Predicting opioid receptor binding affinity of pharmacologically unclassified designer substances using molecular docking

• Published in: PloS one Vol. 13; no. 5; p. e0197734
• Main Authors: Ellis, Christopher R, Kruhlak, Naomi L, Kim, Marlene T, Hawkins, Edward G, Stavitskaya, Lidiya
• Format: Journal Article
• Language: English
• Published: United States Public Library of Science 24.05.2018; Public Library of Science (PLoS)

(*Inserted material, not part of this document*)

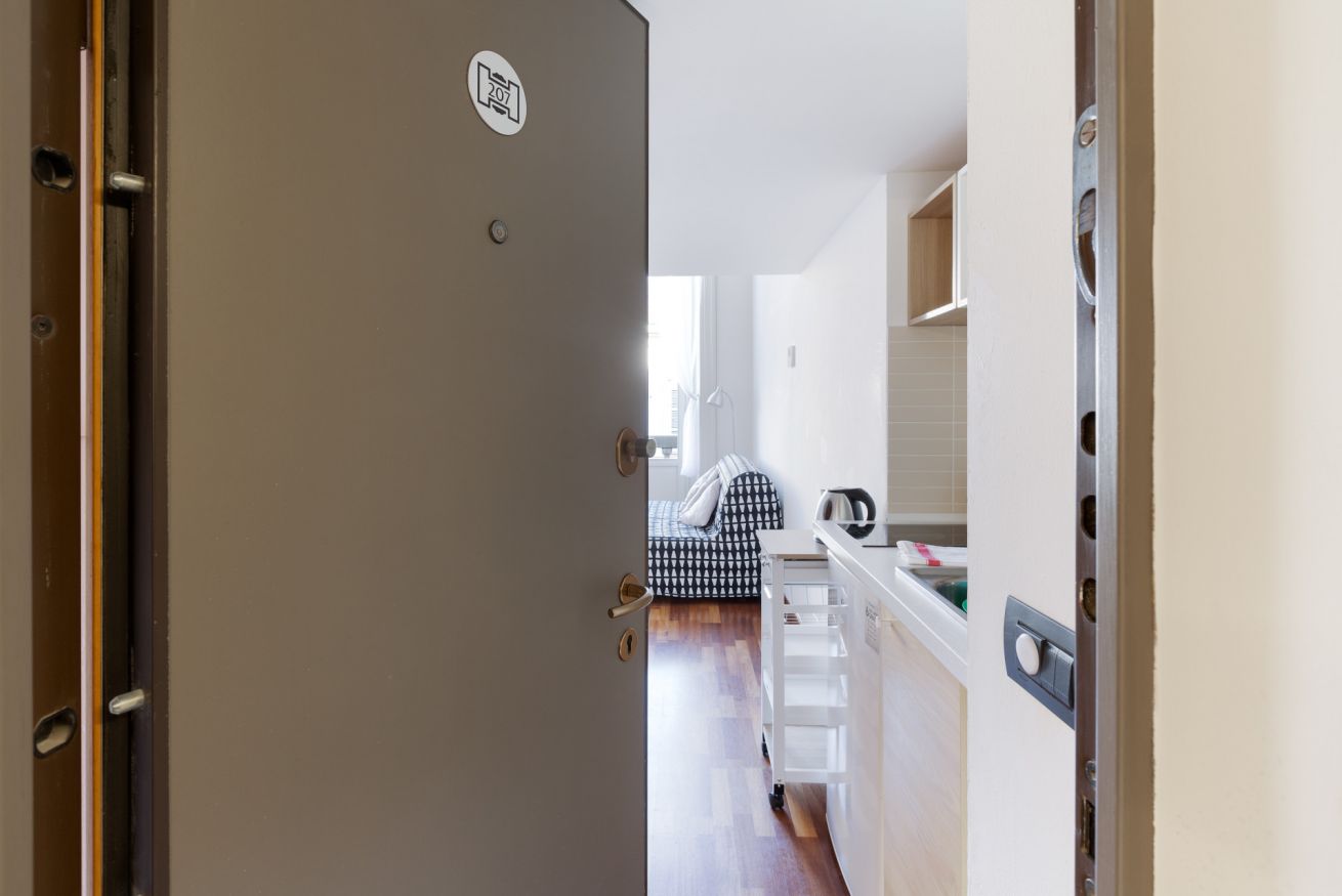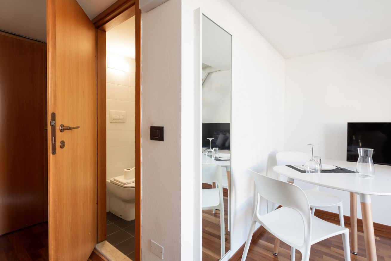 The approximately 25sqm apartment number 207 is located on the second floor with lift of an elegant Milanese building with concierge, has all the main comforts and is organized as follows:

• Subjects: 60 APPLIED LIFE SCIENCES; Affinity; Analgesics; Analogs; Analysis; Binding; Binding Sites; Biology and Life Sciences; Care and treatment; Computer applications; Correlation analysis; Derivatives; Dosage and administration; Drug overdose; Fentanyl; Fentanyl - analogs & derivatives; Fentanyl - chemistry; Fentanyl - metabolism; Food; Health risks; Humans; Kinetics; Mathematical models; Medicine and Health Sciences; Molecular chains; Molecular docking; Molecular Docking Simulation; Narcotics; Opioid receptors (type mu); Opioids; Pain; Pharmacology; Physical Sciences; Protein Binding; Protein Structure, Tertiary; Public health; Public safety; Receptors, Opioid, mu - chemistry; Receptors, Opioid, mu - metabolism; Risk factors; Safety; Safety and security measures; Schedules; Science & Technology - Other Topics; Substance abuse; Substance abuse treatment; Thermodynamics; Canada; United States > US; Maryland
• ISSN: 1932-6203; 1932-6203
• DOI: 10.1371/journal.pone.0197734

Opioids represent a highly-abused and highly potent class of drugs that have become a significant threat to public safety. Often there are little to no pharmacological and toxicological data available for new, illicitly used and abused opioids, and this has resulted in a growing number of serious adverse events, including death. The large influx of new synthetic opioids permeating the street-drug market, including fentanyl and fentanyl analogs, has generated the need for a fast and effective method to evaluate the risk a substance poses to public safety. In response, the US FDA's Center for Drug Evaluation and Research (CDER) has developed a rapidly-deployable, multi-pronged computational approach to assess a drug's risk to public health. A key component of this approach is a molecular docking model to predict the binding affinity of biologically uncharacterized fentanyl analogs to the mu opioid receptor. The model was validated by correlating the docking scores of structurally diverse opioids with experimentally determined binding affinities. Fentanyl derivatives with sub-nanomolar binding affinity at the mu receptor (e.g. carfentanil and lofentanil) have significantly lower binding scores, while less potent fentanyl derivatives have increased binding scores. The strong correlation between the binding scores and the experimental binding affinities suggests that this approach can be used to accurately predict the binding strength of newly identified fentanyl analogs at the mu receptor in the absence of in vitro data and may assist in the temporary scheduling of those substances that pose a risk to public safety.